Aktualisiert am: 13.03.2014

Was bedeutet Insolvenz?

Der Begriff Insolvenz kommt aus dem lateinischen Sprachbereich von solvente =  nicht einlösend und bedeutet Zahlungsunfähigkeit, die sich aus nicht bezahlten Verbindlichkeiten ergibt. Das Insolvenzrecht gehört zum Zivilrecht.

Insolvenz Definition gemäß juristischer sowie natürlicher Personen

Es gibt in Deutschland die Insolvenz juristischer sowie natürlicher Personen. Bei einer juristischen Person (Personenvereinigung aufgrund gesetzlicher Anerkennung wie die Aktiengesellschaft, GmbH, eingetragene Genossenschaft, eingetragener Verein e.V.) muss bei einer Zahlungsunfähigkeit das so genannte Insolvenzverfahren eingeleitet werden. Für natürliche Personen ist eine Privatinsolvenz anzuwenden. 

Ein Insolvenzverfahren muss bei juristischen Personen unbedingt initiiert werden, wenn  Rechnungen nicht mehr bezahlt werden können, die in einem Zeitraum von 3 Wochen auflaufen. Wird die Insolvenz dann nicht angemeldet, kann dies ein Strafverfahren wegen Insolvenzverschleppung nach sich ziehen.

Insolvenz in Deutschland und Schweiz

In Österreich und der Schweiz wird die Insolvenz offiziell als Konkurs (kommt aus dem lateinischen Sprachbereich von concursus = Zusammenlauf (der Gläubiger) bezeichnet.

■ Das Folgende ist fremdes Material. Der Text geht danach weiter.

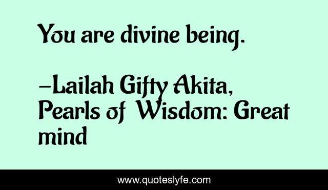 "Lailah Gifty Akita, Pearls of Wisdom: Great mind Quotes." Quoteslyfe.com, 2025. Sat. 06 Dec. 2025. <https://www.quoteslyfe.com/quote/You-are-divine-being-153756>.

In Deutschland sind umgangssprachlich für Insolvenz die Begriffe Bankrott (italienische Herkunft), Konkurs und Pleite (jüdische Herkunft) im Umlauf.

Wie melde ich Insolvenz an?

Eine Privatinsolvenz darf nicht ohne Dritte eingeleitet werden. Sie wird nur dann öffnet, wenn vorher ein außergerichtliches Schuldenbereinigungsverfahren durchgeführt wird. Das Schuldenbereinigungsverfahren muss über einen Anwalt oder die Schuldnerberatung eingeleitet werden.

Insolvenz Anmeldungen, auch Gastronomie

Firmeninsolvenz beantragen

Eine Insolvenz muss beantragt werden, wenn eine Firma ihren Gläubigern gegenüber den Verpflichtungen dauerhaft oder auch nur teilweise nachkommen kann. Dabei ist zu beachten, dass man immer die Rechnungen der nächsten 3 Wochen bedienen kann - ist das nicht der Fall und man meldet keine Insolvenz an, ist der Tatbestand der Insolvenzverschleppung erfüllt. Die Firmeninsolvenz kann auch von ein em Gläubiger beim Amtsgericht eingreicht werden.

Tipp: Legen Sie sich für alle Fälle eine 'Kriegskasse' an, um sich im Fall der Fälle einen Anwalt zu leisten, denn es gibt genug Fallstricke, die während einer Firmeninsolvenz lauern.  Einen Anwalt benötigen Sie bei einer Firmeninsolvenz nicht aus rechtlichen Gründen. Eine Firmeninsolvenz ist - seltsamerweise - einfacher zu machen als eine Privatinsolvenz.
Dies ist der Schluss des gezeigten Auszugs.